The payer is most commonly an individual consumer. A chargeback reverses a money transfer from the consumer's bank account, line of credit, or credit card. The chargeback is ordered by the bank that issued the consumer's payment card.
Legislation enabling chargebacks is well-intentioned: it protects consumers against false charges and identity theft. However, this protection comes at an expense to merchants. People commit fraud by falsely requesting charges to be reversed, among other abuses of chargeback laws. According to Protego, chargebacks cost LatAm companies $19 billion per year. This number will increase as more transactions move online.

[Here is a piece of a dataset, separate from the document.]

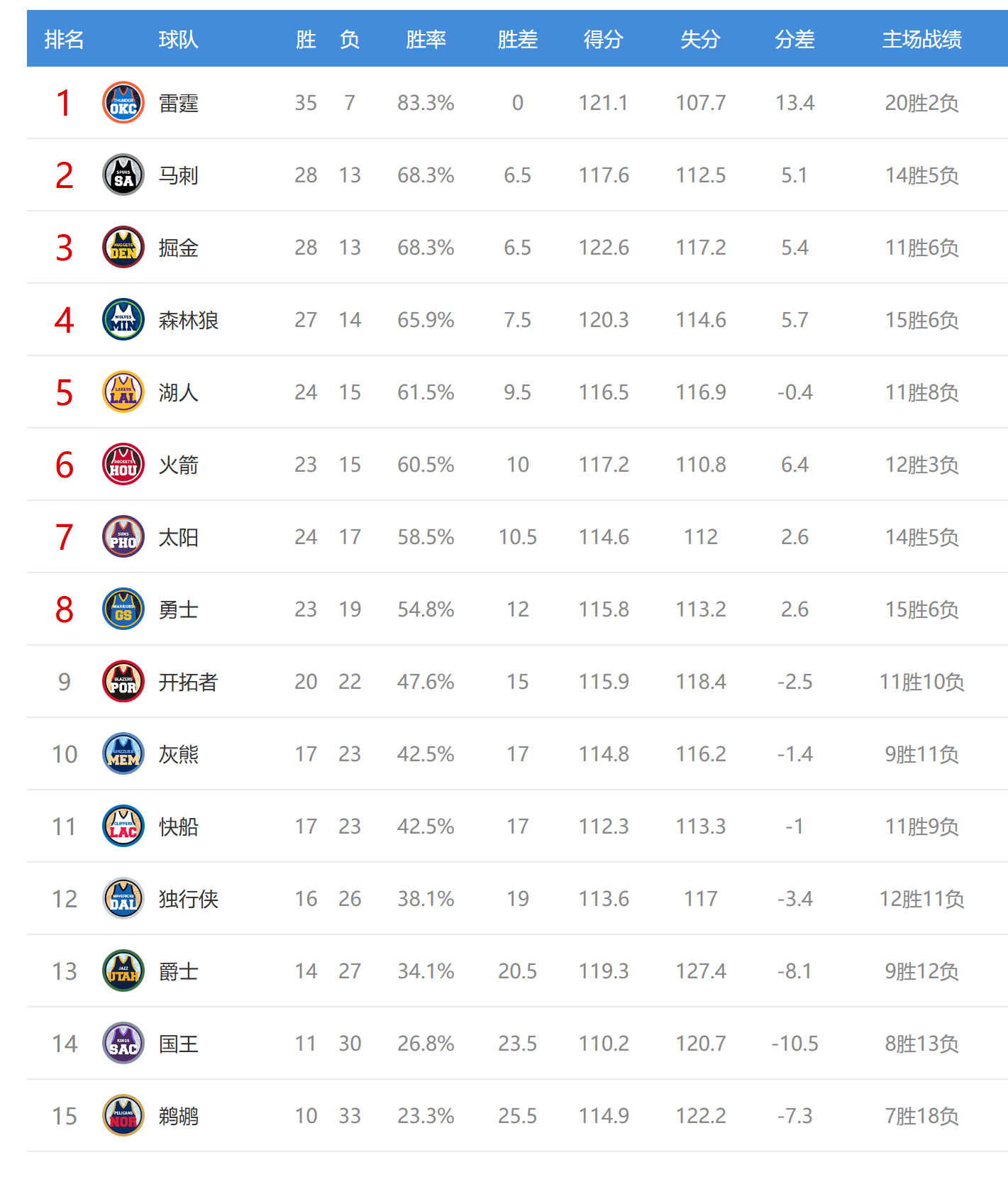 今日比赛后马刺、掘金排名互换,其他西部球队排名不变。

Protego's product currently addresses a specific step in the chargeback process for merchants: automating chargeback disputes. According to the 2014 Cybersource Fraud Benchmark Report, 60% of chargebacks are disputed with a 41% success rate. Put differently, only 2.5 in 10 chargebacks are successfully disputed by merchants — low odds. A product like Protego is clearly appealing to merchants if it can increase the odds of success and reduce the time spent submitting disputes. It's even more appealing that Protego only gets paid when chargebacks are successfully resolved.
Protego reminds me a bit of Brex — a situation where the founders are clearly domain experts building in the domain their company exists. They have an opportunity to be a large company if their product can demonstrate measurable success in chargeback disputes. The company also has an opportunity to address more of the chargeback problem space, for example: preventive measures to block purchases likely to result in chargebacks.
StandardCode is an API used by developers to verify the age of children and obtain parental consent for use of online services. The founders are HomeJoy alumni, a Y Combinator S10 company founded by former YC Partner Adora Cheung. The company lists three investors on their website (including YC). Funding amounts have not been disclosed.
The product operates in a bigger market than you might intuitively expect. As of 2021, there are 74.1 million children in the United States and 2.2 billion children globally. More importantly, the age which children start using technology is an accelerating trend that's relevant to StandardCode's growth potential. I didn't use any internet platforms until I was 12 years old (growing up in the 1990s). Today, 60% of children started using smartphones before age 5, and 31% started before age 2. This trend has been further accelerated by the COVID-19 pandemic and increased use of EdTech and gaming services.
Child data privacy laws like COPPA and GDPR-K present an interesting dilemma for tech companies. Laws set requirements for collection and handling of personal information from children under a certain age (age varies by law). Collection usually requires verifiable consent from a parent. Tech companies typically solve this by prohibiting children under a certain age (usually 13) from using their services. Exclusion is one solution, but 25% of the world's population is under age 15. A product that makes it easier for companies to reach this group of users while increasing safety and compliance is clearly valuable.
For StandardCode, it doesn't matter how often or how long children are playing games or using apps. It matters how many total children are active online and how many different apps they are trying. Every time a new child comes online or an existing child tries a new app, there is a new need for identity verification and consent. That's a huge opportunity.
StandardCode can become a large company if they capture the market for child identity verification and parental consent among developers. Success is becoming the Stripe of this market. StandardCode could potentially become an even larger company if they're able to expand the product outward to other types of verification and consent, either among children or other population segments.